Published on September 20, 2023
.jpg)
As Tata Tele Business Services (TTBS) focuses on providing the best services and enhancing third-party risk management (TPRM), it felt the need for a strong emphasis on data security controls. The existing process primarily focused on safeguarding the TTBS IT environment and its parameters. Following were some of the issues:
- Limitations with the existing processes in enforcing security requirements for partners with access to IT applications. Inadequate protection against data security risks from a contractual perspective
- Lack of visibility into the level of access partners have to critical IT applications
- Insufficient assurance regarding security controls in partners’ environment
The TTBS team Jiji Unnikrishnan, VP - IT Operations; Parag Patil, GM - IT Security, along with Deepak Garg, Head - Internal Audit, had detailed interactions. Some learnings emerged during the Chief Audit Executive meet as well. Interactions happened with two Tata group companies — Tata Realty (Madhu Kumar - IT Security Head, Girish Hadkar - IT Head and Gaurav Khandelwal - IA Head) and Croma (Smitesh Valanju - CISO and Keyur Shah - IA Head) — from April 2023 onwards. A few concerns were discussed:
- Assessing the necessity of individual resource-level access for partners, aligning it with business requirements, and possibilities of optimising access.
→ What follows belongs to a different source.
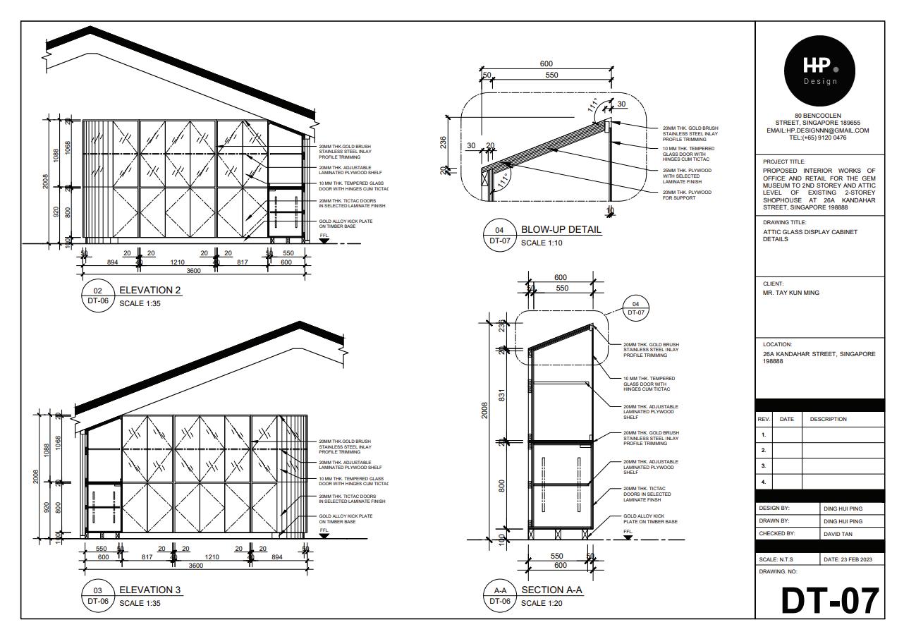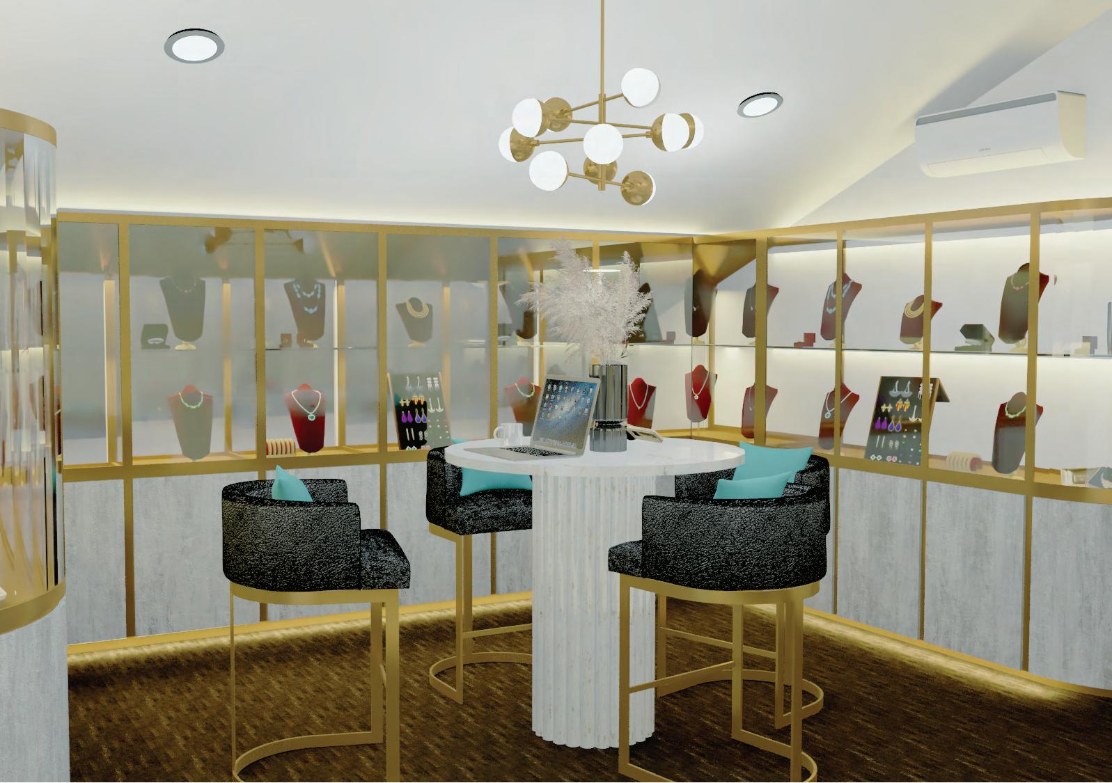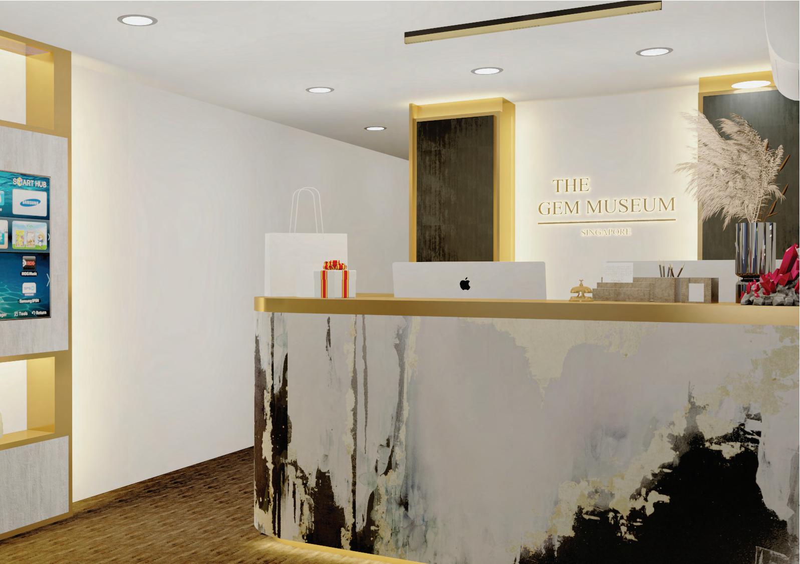Located at Kandahar Street within the charming shophouses, the Gem Museum needed a remodeling. The task was to remodel a retail + gallery + office space to the 2nd storey and a�c for the founder of The Gem Museum. The concept for my proposal was call new beginnings which derived from moonstone, and that’s the space I want to give to my client. New beginnings were connected with spa�al words such as Contrast, Transi�on & Gradient to select the materials. I picked materials such as marble to make the space more luxurious. Apart from that, aluminum joinery with a gold finish balances out the contras�ng colors and textures within the museum.

Measures to safeguard against data security risks associated with partner engagements using mechanisms such as virtual desktop infrastructure
- Actions in case of instances such as partners failing to comply with security controls, implementing mechanisms to prevent data leakage, and deploying security awareness programmes
These benchmarking interactions helped while developing the TPRM framework. TTBS created an in-house TPRM framework for data security comprising the following elements:
- Identification of partners having access to TTBS applications/data
- Categorisation of partners based on the type of access to data and risks
- Applying risk mitigation strategies as per the categorisation (minimum security controls, contractual security clauses)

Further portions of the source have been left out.